**EXERCISE BRIEF:** Shown below is a listing with pictures; reproduce exactly, and only, the lines between the ones containing "Письмо Царицынского комитета" and "Viola Milano –", inclusive, leaving the pictures out.

**SOURCE MATERIAL:**
▶
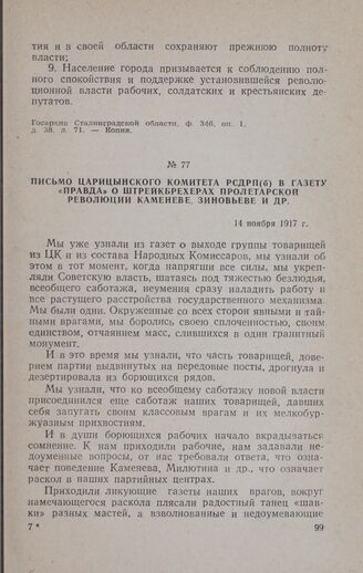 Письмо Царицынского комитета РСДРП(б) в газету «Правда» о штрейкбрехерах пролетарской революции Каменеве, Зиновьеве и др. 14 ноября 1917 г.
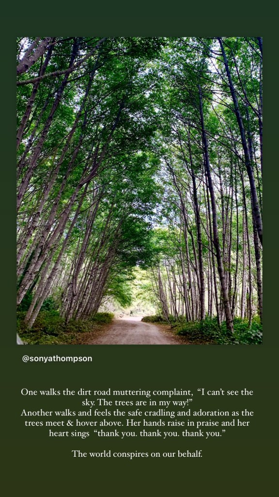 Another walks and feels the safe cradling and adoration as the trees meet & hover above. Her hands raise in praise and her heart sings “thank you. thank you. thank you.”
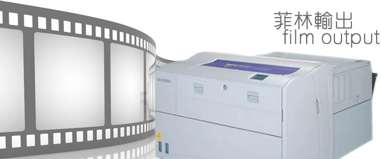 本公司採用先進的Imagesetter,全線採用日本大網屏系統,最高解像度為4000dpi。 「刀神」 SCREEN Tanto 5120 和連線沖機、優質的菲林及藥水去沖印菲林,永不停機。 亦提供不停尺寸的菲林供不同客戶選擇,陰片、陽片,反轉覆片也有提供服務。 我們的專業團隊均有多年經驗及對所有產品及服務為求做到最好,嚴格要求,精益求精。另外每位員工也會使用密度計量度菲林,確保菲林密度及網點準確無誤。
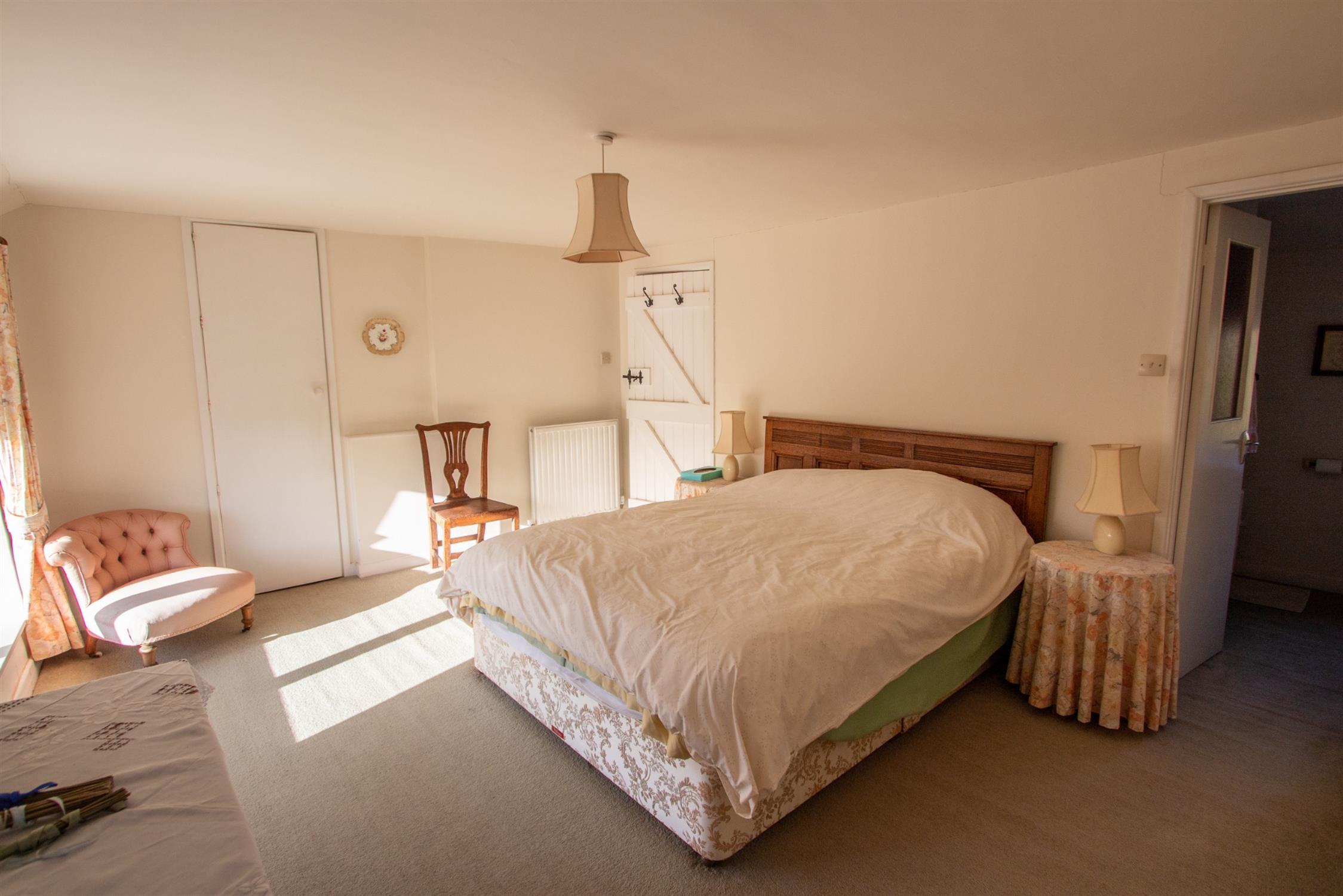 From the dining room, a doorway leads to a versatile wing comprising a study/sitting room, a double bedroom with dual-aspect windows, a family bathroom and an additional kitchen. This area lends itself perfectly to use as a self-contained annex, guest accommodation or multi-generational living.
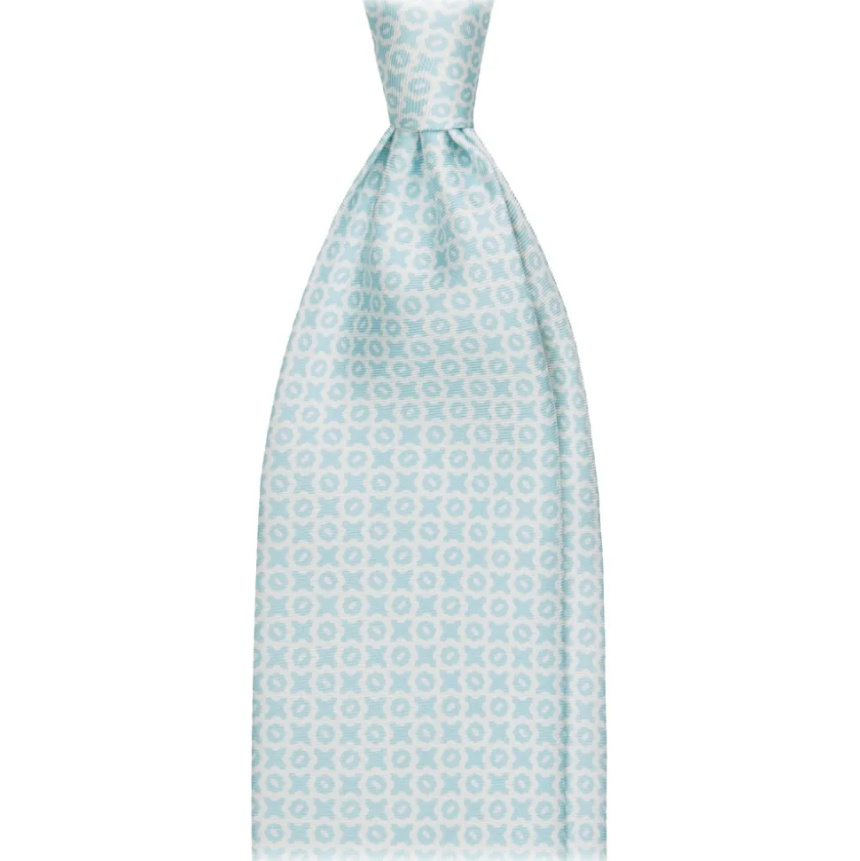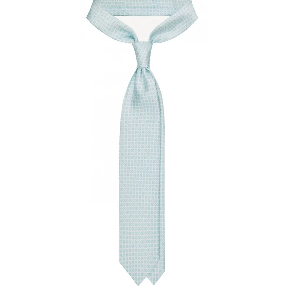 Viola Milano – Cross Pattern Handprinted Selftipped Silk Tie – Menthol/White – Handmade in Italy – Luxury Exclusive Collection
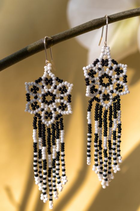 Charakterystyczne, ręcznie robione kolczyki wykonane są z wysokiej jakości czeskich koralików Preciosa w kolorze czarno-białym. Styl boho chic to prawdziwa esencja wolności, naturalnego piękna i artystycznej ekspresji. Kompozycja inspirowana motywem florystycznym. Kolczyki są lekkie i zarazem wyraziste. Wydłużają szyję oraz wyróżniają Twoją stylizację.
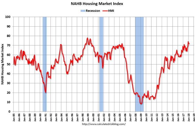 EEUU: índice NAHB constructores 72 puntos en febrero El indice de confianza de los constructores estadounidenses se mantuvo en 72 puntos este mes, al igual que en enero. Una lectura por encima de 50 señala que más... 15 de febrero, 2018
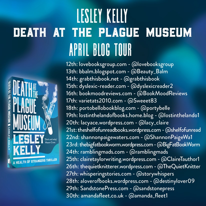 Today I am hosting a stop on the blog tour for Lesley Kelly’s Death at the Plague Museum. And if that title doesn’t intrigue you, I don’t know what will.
◀
▶
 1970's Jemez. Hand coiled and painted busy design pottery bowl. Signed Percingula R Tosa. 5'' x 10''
◀
**TASK RESULT:**
 Письмо Царицынского комитета РСДРП(б) в газету «Правда» о штрейкбрехерах пролетарской революции Каменеве, Зиновьеве и др. 14 ноября 1917 г.
 Another walks and feels the safe cradling and adoration as the trees meet & hover above. Her hands raise in praise and her heart sings “thank you. thank you. thank you.”
 本公司採用先進的Imagesetter,全線採用日本大網屏系統,最高解像度為4000dpi。 「刀神」 SCREEN Tanto 5120 和連線沖機、優質的菲林及藥水去沖印菲林,永不停機。 亦提供不停尺寸的菲林供不同客戶選擇,陰片、陽片,反轉覆片也有提供服務。 我們的專業團隊均有多年經驗及對所有產品及服務為求做到最好,嚴格要求,精益求精。另外每位員工也會使用密度計量度菲林,確保菲林密度及網點準確無誤。
 From the dining room, a doorway leads to a versatile wing comprising a study/sitting room, a double bedroom with dual-aspect windows, a family bathroom and an additional kitchen. This area lends itself perfectly to use as a self-contained annex, guest accommodation or multi-generational living.
 Viola Milano – Cross Pattern Handprinted Selftipped Silk Tie – Menthol/White – Handmade in Italy – Luxury Exclusive Collection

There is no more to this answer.